Residency or placement of the children
The residency or placement of children refers to where the children will live and spend the majority of their time. Oftentimes, a child will live with one parent more than the other parent, and the parent that the child lives with the most will typically be responsible for the day-to-day care of the child. In some cases, the child will live equally with both parents, close to equally with both parents, or live a significant amount of time with each parent and the parents will share in the responsibilities and day-to-day care of the child. Residency and day-to-day care comprise what is commonly known as "physical custody" of the children.

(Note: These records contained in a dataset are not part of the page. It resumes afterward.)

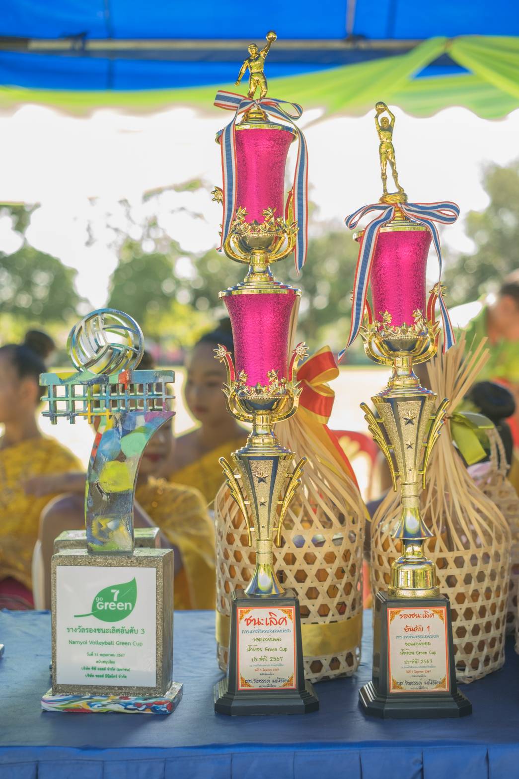 - ถ้วยรางวัลจากพลาสติกรีไซเคิล ทำจากฝาขวดพลาสติกจำนวน 750 ฝา และถุงวิบวับ 600 ถุง สามารถลดปริมาณขยะพลาสติกทิ้งลงหลุมฝังกลบไปได้รวม 15 กิโลกรัม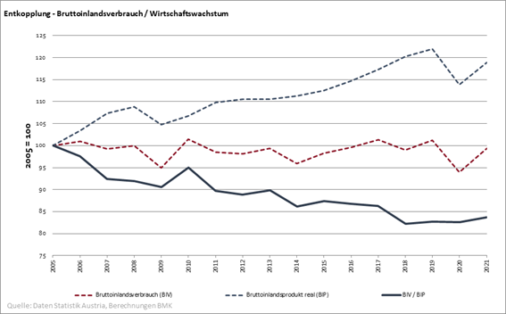 Die nachfolgende Grafik zeigt die Entwicklung der Gesamtenergieintensität und des Energieverbrauchs je BIP in Österreich seit dem Jahr 2005 bis 2021 auf: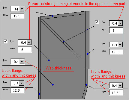 After you have defined the plate girder dimensions, use the Parts tab to define parameters and dimensions for plates and ribs.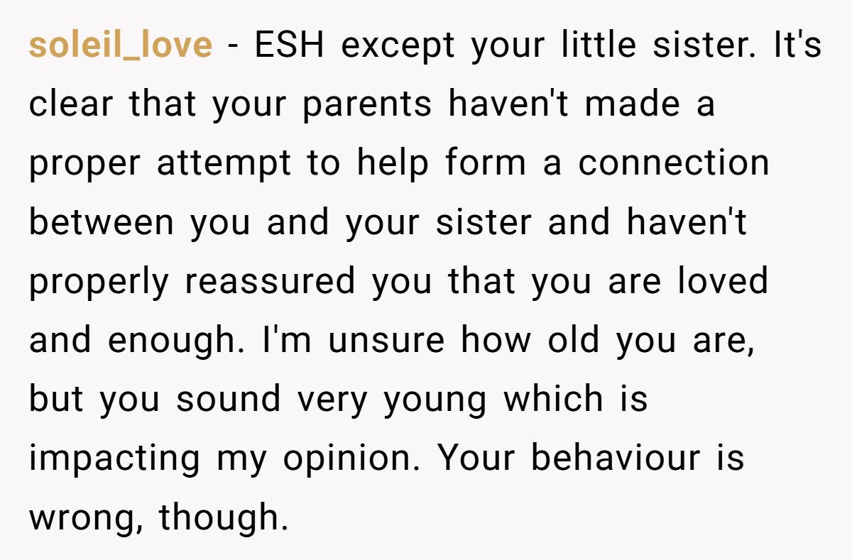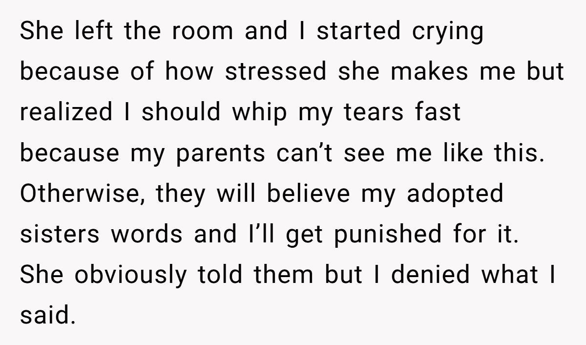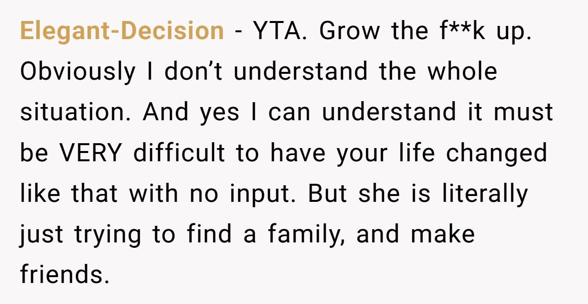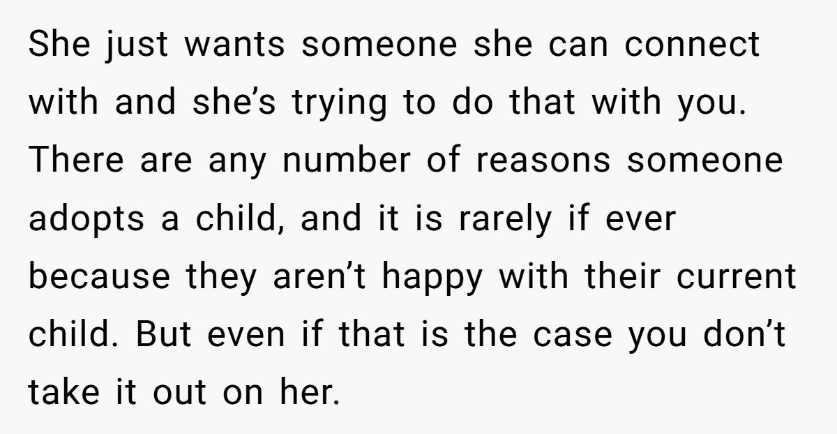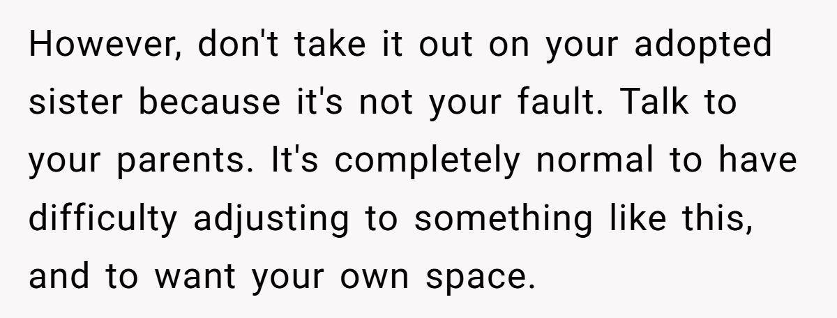 This isn’t about blame—it’s about missed opportunities. This girl isn’t evil. She’s overwhelmed, and her parents may have unintentionally skipped the emotional prep work. On the flip side, the adopted sister didn’t choose to be the target of unresolved grief, either.

Relationship and/or amount of contact the children have with each parent
In the case where the child resides or lives primarily with one parent, the time spent with the other parent is often referred to as "visitation." The parent that the child lives with more is often referred to as the "custodial parent" and the parent with visitation is referred to as the "noncustodial parent." In such cases, the noncustodial parent will typically have a visitation schedule that details his or her contact with the children. The visitation schedule is sometimes referred to as a "parenting arrangement."
California divorce laws recognize that both spouses make valuable contributions to any marriage regardless of their employment. Property is labeled either "community property" or "separate property." Community property is all property, in or out of the state, that either spouse acquired during the marriage. Each spouse owns one-half of all community property. It does not matter if only one spouse worked outside of the home during the marriage or if this property is in only one spouse's name.